What Should Be Achieved in Phase 3 COVID-19 Vaccine Trials?

Kevin Kunzmann

Kevin Kunzmann is the managing editor for Contagion, as well as its sister publication HCPLive. Prior to joining parent company MJH Life Sciences in 2017, he worked as a health care and government reporter for The Pocono Record, and as a freelance writer for NJ Advance Media, The Express-Times, The Daily Journal, and more. He graduated from Rowan University with a degree in journalism in 2015. In his spare time, he enjoys reading, cooking, running his dog, and complaining about the Mets. Follow him on Twitter @NotADoctorKevin or email him at [email protected]

Numerous candidates are in late-stage assessment. An expert shares what the diverse agents should show before being considered for regulation.

A quartet of coronavirus 2019 (COVID-19) vaccine candidates are in phase 3 assessment, with another anticipated to reach the late-stage analysis phase later this month.

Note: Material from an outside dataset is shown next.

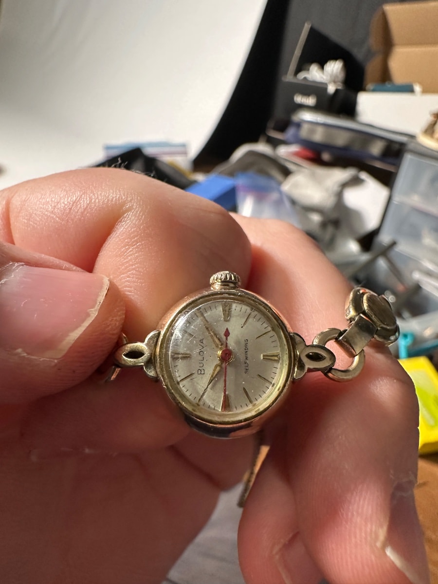 A sophisticated mid-century ladies' timepiece featuring a 10k Rolled Gold Plate case and a rare automatic movement for its diminutive size.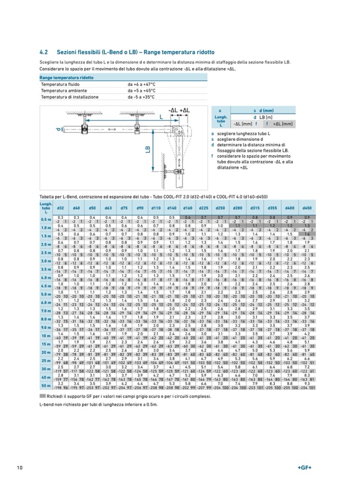 Tabella per L-Bend, contrazione ed espansione del tubo - Tubo COOL-FIT 2.0 (d32-d140) e COOL-FIT 4.0 (d160-d450)

Clinicians and experts sitting idly by, awaiting more robust, longer, and stratified efficacy and safety data for the would-be first prophylaxes for the pandemic. What will be the first vaccine be, and what are clinicians looking for in data?

Bridget Calhoun, DrPH, MMS, Associate Dean for Academic Affairs and Research, and Chair and Associate Professor at Rangos School of Health Sciences at Duquesne University, joined Contagion® to discuss how past vaccine development plans—both successful and failed—informed the community’s pursuit of diverse COVID-19 vaccine candidates, from varying platforms and dosages, to variable antigen makeup.

“A lot of science goes into this, a lot of brilliant people are working on it—and all from different approaches,” Calhoun said.

Calhoun discussed the emphasis on short-term detectable antibodies, and the long-term hope for immunity longevity that may come from phase 3 results in the near future. Accomplishing the former has already been observed in early phases; the latter is an uncertainty relative to a still mostly unknown viral infection.

“One of the biggest challenges is that viruses are dynamic,” Calhoun said. “Once we have the structure and sequencing of a virus, it can change.”

Calhoun also discussed matters of vaccine distribution and prioritization in the US, and her hopes for a post-pandemic mindset that reflects lessons learned from the ordeal.

“Hopefully we’ll all resume back to some level of normalcy, but I hope people have a greater respect for infectious diseases,” she said. “In the war between viruses and man, we don’t always win.”